» **Description of the task**
Quote the data below in full, minus the images.

» **Data below**
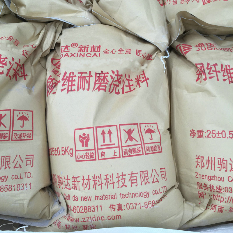 鋼纖維耐磨澆注料是采用特級鋁礬土熟料作骨料,以優(yōu)質(zhì)礬土熟料及剛玉細粉作基質(zhì),以超微粉等多種復(fù)合材料為結(jié)合劑和添加劑,外加不銹鋼耐熱纖維配制而成。該產(chǎn)品除具有常規(guī)的高溫耐磨損性能外,因在其配料中加入了一定數(shù)量的耐熱不銹鋼纖維,防止了材料中骨料與基質(zhì)在高溫狀態(tài)下產(chǎn)生的漲差,以及在啟停爐時產(chǎn)生的溫度梯度變化所產(chǎn)生的應(yīng)力而導(dǎo)致爐墻破壞,同時,由于鋼纖維的加入,使材料澆注后爐墻整體強度大大增強。在CFB鍋爐中,常用于爐膛出口及側(cè)墻、頂部、旋風(fēng)分離器直段、旋風(fēng)分離器頂、返料器等部位。
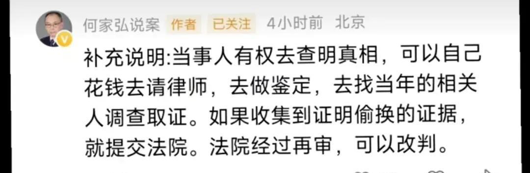 柴桑在直播中说了大实话,52万的会什么时候开,还不明白吗?她自己都昭告天下了。 老杜说了,我又没有鼓动人,我不去开会我也会赢。我何必去花钱去开会?本来熊磊和老郭也不想去,为了去发声表达自己的观点才去的。 这是老杜说的三拒绝,52万熊磊信誓旦旦说没有,至于什么时候开会,柴桑也不正面回答了。 关键时刻法律泰斗何家弘在网络留言,当事人有权去查明真相,可以自己花钱去请律师,去做鉴定,去找当年相关人调查取证。如果收集到证明偷换的证据,可以提交法院,法院经过再审,可以改判。 何教授一句话点破天机,不用绕那么多弯子,不用天天在网上直播说案,现在关键的重点是要收集证明偷换的证据。 现在什么谢律、王律的都集体发声力挺许姚,还有原有律师李圣,这么多的律师完全可以收集到偷换的证据,不用舍近求远搞什么三拒绝、52万了。
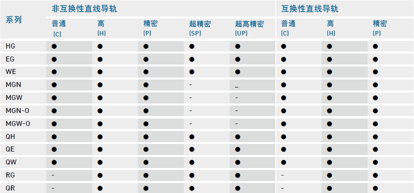 上銀直線導軌系列精度等級
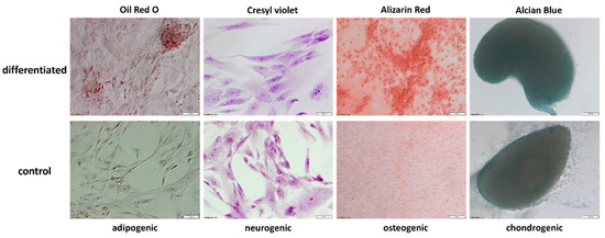 The results of Oil Red O, Cresyl violet, Alizarin Red, and Alcian Blue staining of the control and differentiated WJ-MSCs. The pictures of adipo- and neuro-induced WJ-MSCs were taken at a 20× magnification; scale bar: 50 µm, while the pictures of osteo- and chondro-induced WJ-MSCs were taken at a 10× magnification; scale bar: 100 µm.

» **Response box**
 鋼纖維耐磨澆注料是采用特級鋁礬土熟料作骨料,以優(yōu)質(zhì)礬土熟料及剛玉細粉作基質(zhì),以超微粉等多種復(fù)合材料為結(jié)合劑和添加劑,外加不銹鋼耐熱纖維配制而成。該產(chǎn)品除具有常規(guī)的高溫耐磨損性能外,因在其配料中加入了一定數(shù)量的耐熱不銹鋼纖維,防止了材料中骨料與基質(zhì)在高溫狀態(tài)下產(chǎn)生的漲差,以及在啟停爐時產(chǎn)生的溫度梯度變化所產(chǎn)生的應(yīng)力而導(dǎo)致爐墻破壞,同時,由于鋼纖維的加入,使材料澆注后爐墻整體強度大大增強。在CFB鍋爐中,常用于爐膛出口及側(cè)墻、頂部、旋風(fēng)分離器直段、旋風(fēng)分離器頂、返料器等部位。
 柴桑在直播中说了大实话,52万的会什么时候开,还不明白吗?她自己都昭告天下了。 老杜说了,我又没有鼓动人,我不去开会我也会赢。我何必去花钱去开会?本来熊磊和老郭也不想去,为了去发声表达自己的观点才去的。 这是老杜说的三拒绝,52万熊磊信誓旦旦说没有,至于什么时候开会,柴桑也不正面回答了。 关键时刻法律泰斗何家弘在网络留言,当事人有权去查明真相,可以自己花钱去请律师,去做鉴定,去找当年相关人调查取证。如果收集到证明偷换的证据,可以提交法院,法院经过再审,可以改判。 何教授一句话点破天机,不用绕那么多弯子,不用天天在网上直播说案,现在关键的重点是要收集证明偷换的证据。 现在什么谢律、王律的都集体发声力挺许姚,还有原有律师李圣,这么多的律师完全可以收集到偷换的证据,不用舍近求远搞什么三拒绝、52万了。
 上銀直線導軌系列精度等級
 The results of Oil Red O, Cresyl violet, Alizarin Red, and Alcian Blue staining of the control and differentiated WJ-MSCs. The pictures of adipo- and neuro-induced WJ-MSCs were taken at a 20× magnification; scale bar: 50 µm, while the pictures of osteo- and chondro-induced WJ-MSCs were taken at a 10× magnification; scale bar: 100 µm.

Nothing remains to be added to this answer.